Validation output is returned in API/agent results (`valid_count`, `rejected_count`, reasons).

### 4. Observability & KPI Tracking
A lightweight observability layer tracks each search run:
- unique run ID
- lifecycle events (`run_started`, source cache hits/misses, errors, run_finished)
- per-run counters (cache hits, misses, valid deals, triggered alerts, etc.)
- run summaries retained for health diagnostics

`/health` includes an observability snapshot with active/recent runs.

### 5. Price Alert System
Price alerts are persisted and now include robustness controls:
- configurable drop threshold (global + per-deal override)
- dedupe window for repeated identical updates
- cooldown window to suppress duplicate alerts at same price
- capped history size per property

### 6. Intelligent Caching
- Local JSON cache (`.search_cache.json`) with TTL
- repeated searches with same parameters return quickly
- cache metrics included in observability

### 7. Deal Ranking and Currency Normalization
Deals are scored by price/rating/reviews with pet/weather multipliers.
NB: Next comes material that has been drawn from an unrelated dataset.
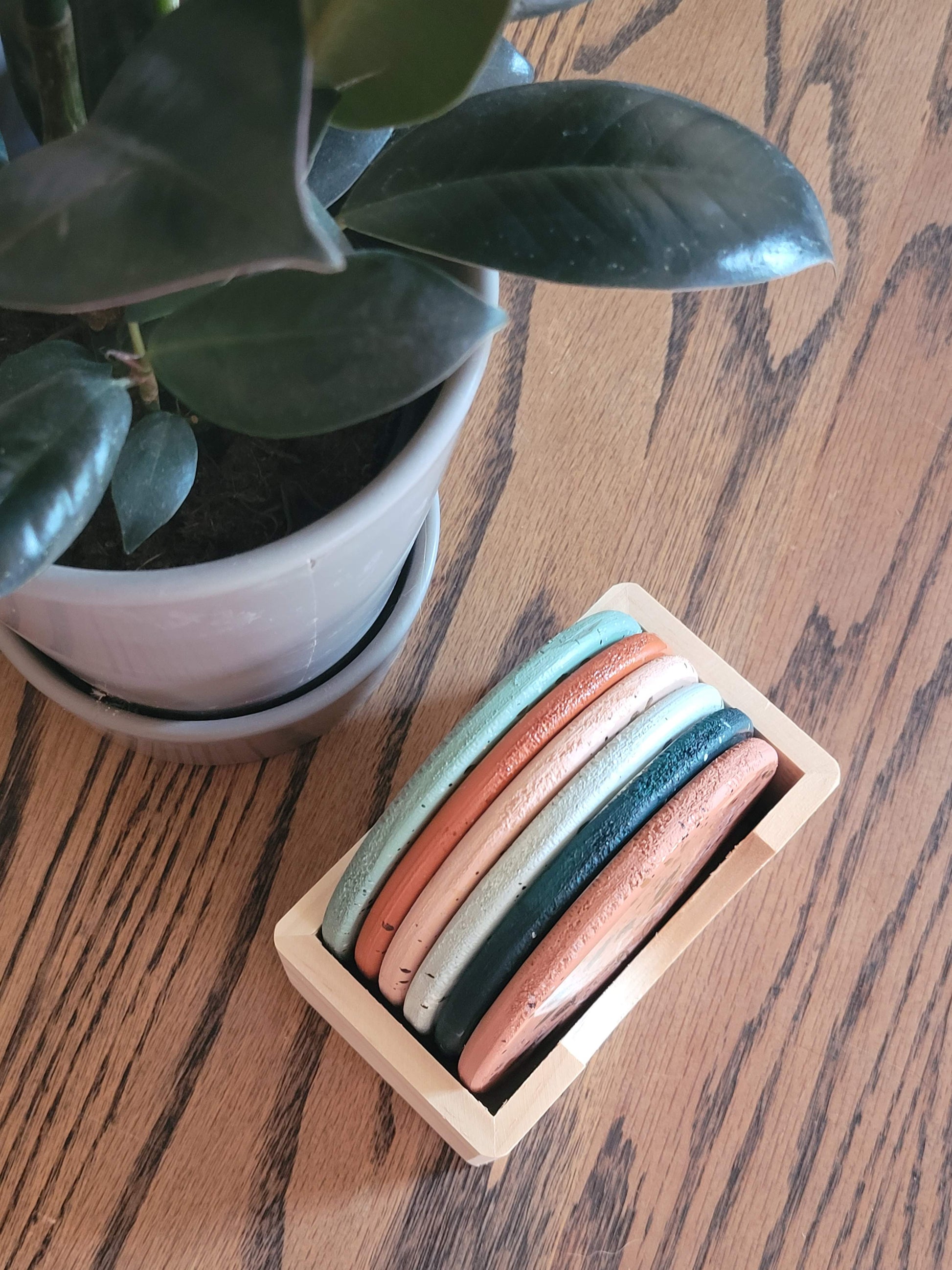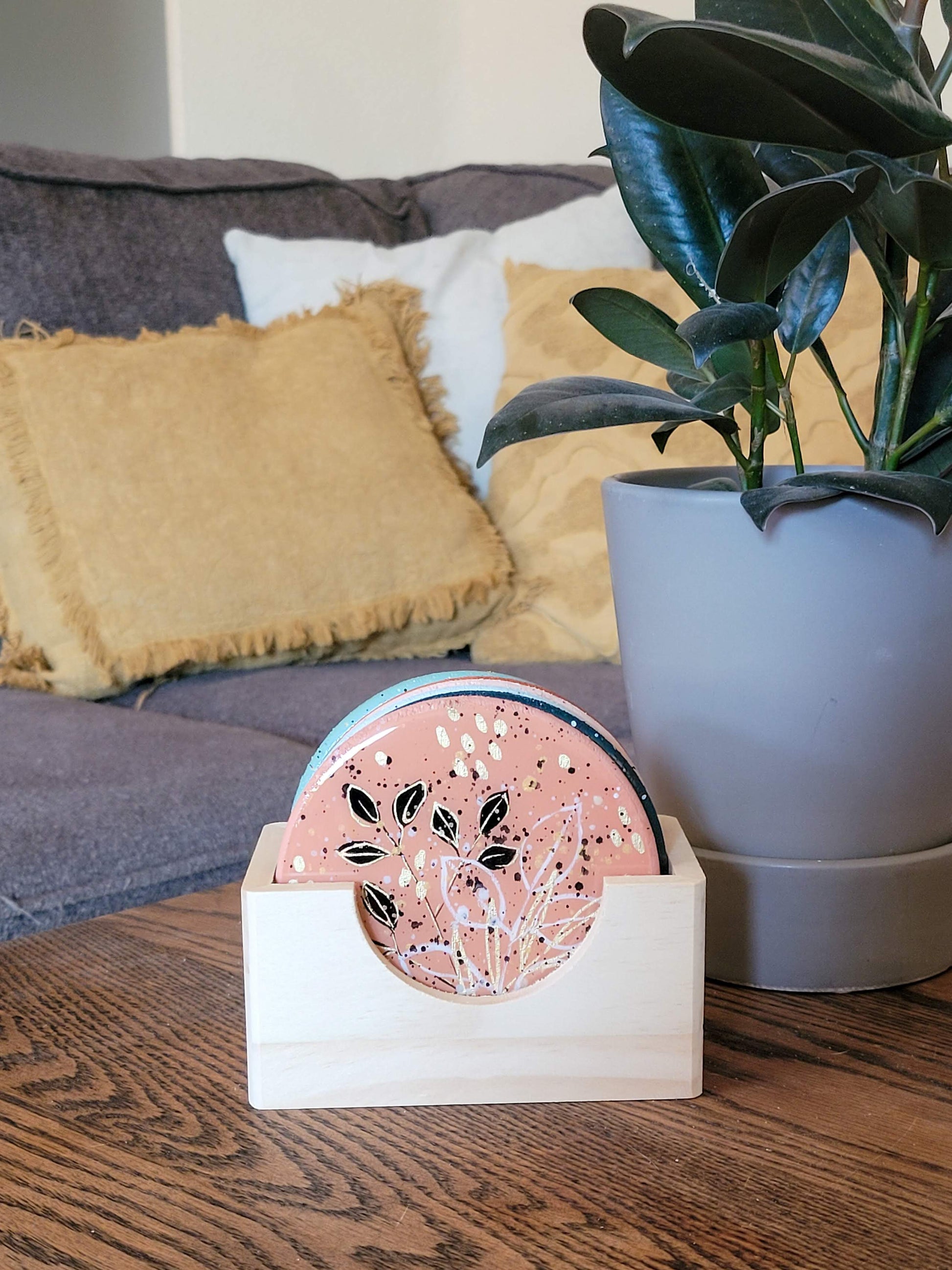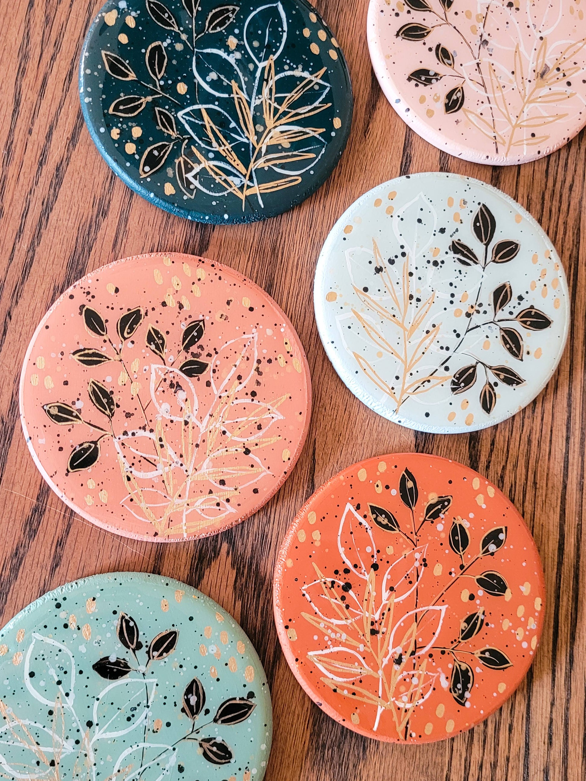 6 painted coasters with an epoxy resin coating. The set comes with the container for them to be stored in.

All ranking prices are normalized to **EUR** using built-in FX rates (or optional custom per-deal `fx_rate_to_eur`), while preserving original currency/price in output metadata.

### 8. Dashboard UX
The web dashboard includes:
- source tabs and sorting modes,
- client-side filters (minimum rating, max EUR/night, pet-only),
- explicit empty-state messaging ("no source results" vs "filtered out"),
- improved fetch error handling,
- price trend badges when previous price context is available.

## Scheduler Mode (CLI)
You can run periodic searches from CLI:

```bash
python main.py \
  --cities "Amsterdam,Rotterdam" \
  --checkin 2026-03-01 \
  --checkout 2026-03-05 \
  --schedule-minutes 30 \
  --max-runs 6
```

- `--schedule-minutes 0` keeps one-shot behavior (default).
- `--max-runs 0` means unlimited scheduled cycles.

## Tech Stack
- **Backend:** Python, FastAPI, Uvicorn
- **Scraping:** httpx, BeautifulSoup4, Firecrawl API
- **Frontend:** Responsive HTML/JS dashboard (Tailwind-style utility classes)
- **Persistence:** Local JSON files for cache and alerts

## Testing
Primary regression coverage for the new features includes:
- `tests/test_price_alerts.py` (dedupe/cooldown/override + agent integration)
- `tests/test_agent_validation.py` (pet filter + validation counters)
- `tests/test_currency_normalization.py` (EUR normalization + custom FX override)
- `tests/test_scheduler_cli.py` (scheduler CLI argument parsing)
- `tests/test_caching.py` (cache behavior still valid)

Example run:

```bash
PYTHONPATH=. pytest -q \
  tests/test_price_alerts.py \
  tests/test_agent_validation.py \
  tests/test_currency_normalization.py \
  tests/test_scheduler_cli.py
```

## Deployment Notes
- Local web mode: `uvicorn api:app --reload`
- Health check endpoint: `/health`
- Search endpoint: `/search`

## Repository / Distribution
- Main source repository and deployment references remain unchanged.